● Goal of the exercise
Copy out, unchanged, the entries below from the "ぱっと見ジン(ランプの魔人)" line to the final line. Omit pictures.

● Data
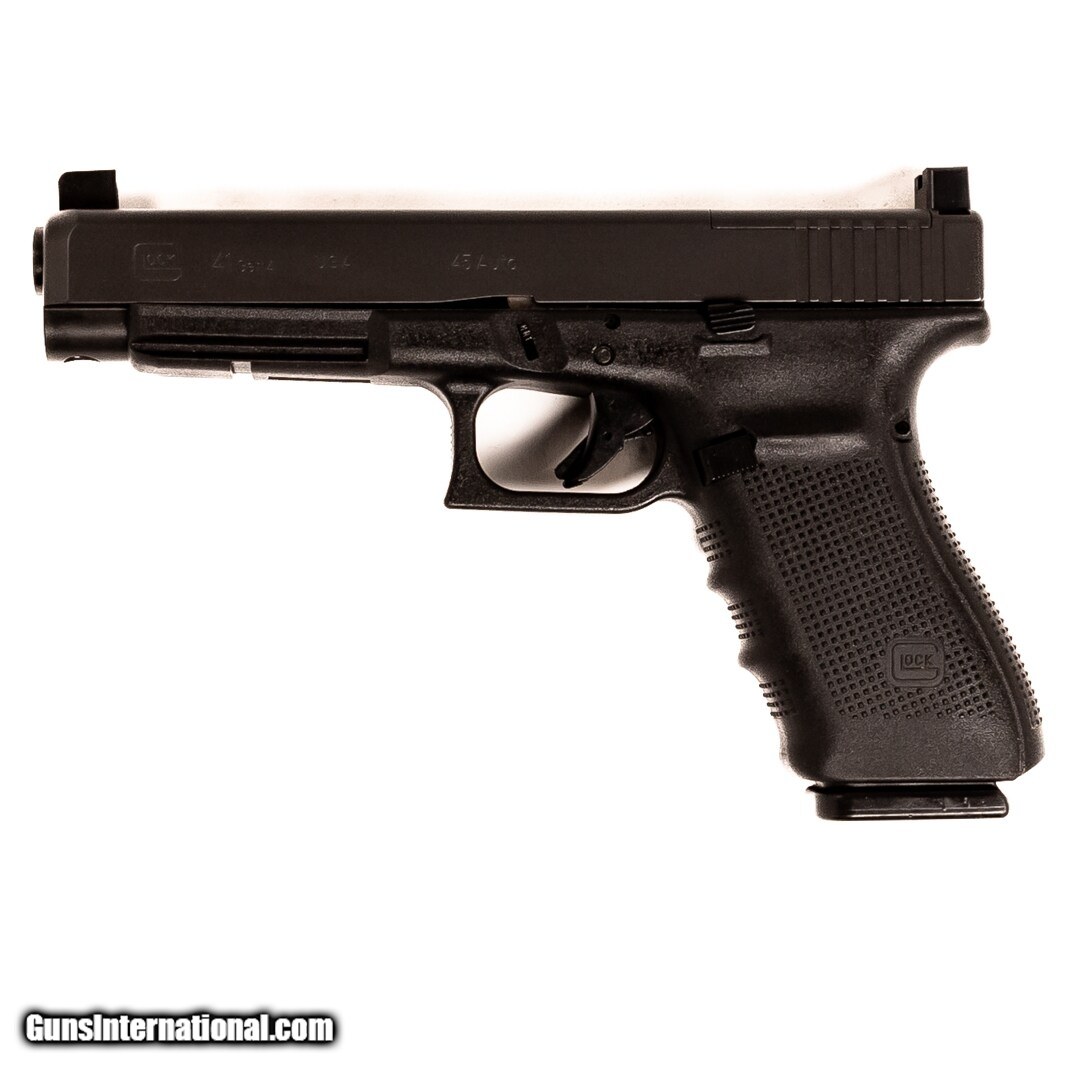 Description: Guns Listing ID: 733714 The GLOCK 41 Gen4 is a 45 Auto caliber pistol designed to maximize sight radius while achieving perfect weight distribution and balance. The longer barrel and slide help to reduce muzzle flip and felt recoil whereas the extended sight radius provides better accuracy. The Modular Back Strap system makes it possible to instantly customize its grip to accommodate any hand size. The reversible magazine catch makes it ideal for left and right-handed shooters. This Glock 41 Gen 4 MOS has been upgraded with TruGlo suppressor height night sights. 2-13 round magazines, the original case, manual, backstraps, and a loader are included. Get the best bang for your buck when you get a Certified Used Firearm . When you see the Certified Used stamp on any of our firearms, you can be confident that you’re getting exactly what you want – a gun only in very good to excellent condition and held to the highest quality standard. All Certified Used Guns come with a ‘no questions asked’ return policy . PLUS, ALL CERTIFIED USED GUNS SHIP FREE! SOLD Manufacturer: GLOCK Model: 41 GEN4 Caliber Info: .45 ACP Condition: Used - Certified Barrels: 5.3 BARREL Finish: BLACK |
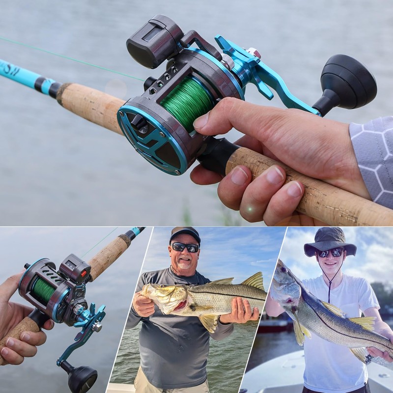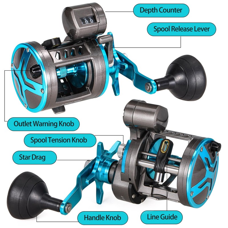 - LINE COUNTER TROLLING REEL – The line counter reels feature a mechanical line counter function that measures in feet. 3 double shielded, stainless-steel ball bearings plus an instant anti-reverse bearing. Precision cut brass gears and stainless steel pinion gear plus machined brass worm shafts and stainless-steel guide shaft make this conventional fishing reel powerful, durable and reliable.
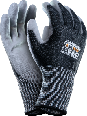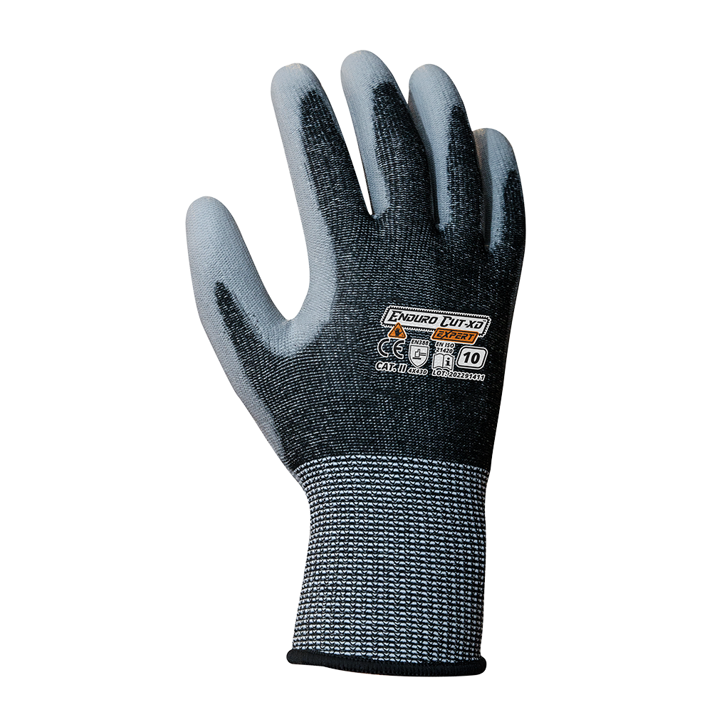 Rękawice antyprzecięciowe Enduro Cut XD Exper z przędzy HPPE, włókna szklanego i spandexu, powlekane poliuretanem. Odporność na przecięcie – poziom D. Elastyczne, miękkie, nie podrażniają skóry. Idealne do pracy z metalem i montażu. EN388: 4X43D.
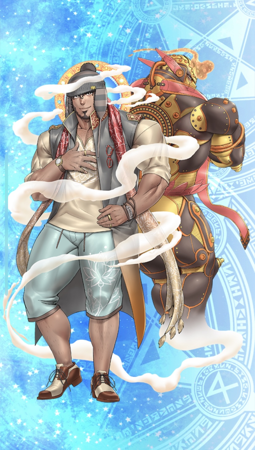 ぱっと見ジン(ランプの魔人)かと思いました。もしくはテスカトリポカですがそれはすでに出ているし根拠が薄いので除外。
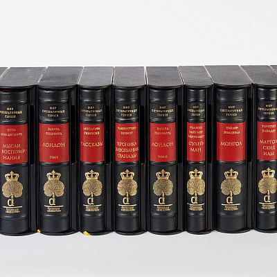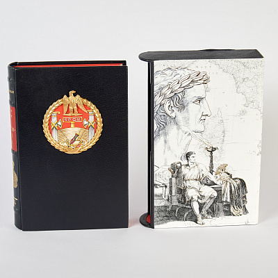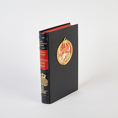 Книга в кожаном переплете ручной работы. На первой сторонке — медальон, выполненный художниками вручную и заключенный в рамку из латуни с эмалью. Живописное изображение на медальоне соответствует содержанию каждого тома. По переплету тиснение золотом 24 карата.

● Exercise output
 ぱっと見ジン(ランプの魔人)かと思いました。もしくはテスカトリポカですがそれはすでに出ているし根拠が薄いので除外。
 Книга в кожаном переплете ручной работы. На первой сторонке — медальон, выполненный художниками вручную и заключенный в рамку из латуни с эмалью. Живописное изображение на медальоне соответствует содержанию каждого тома. По переплету тиснение золотом 24 карата.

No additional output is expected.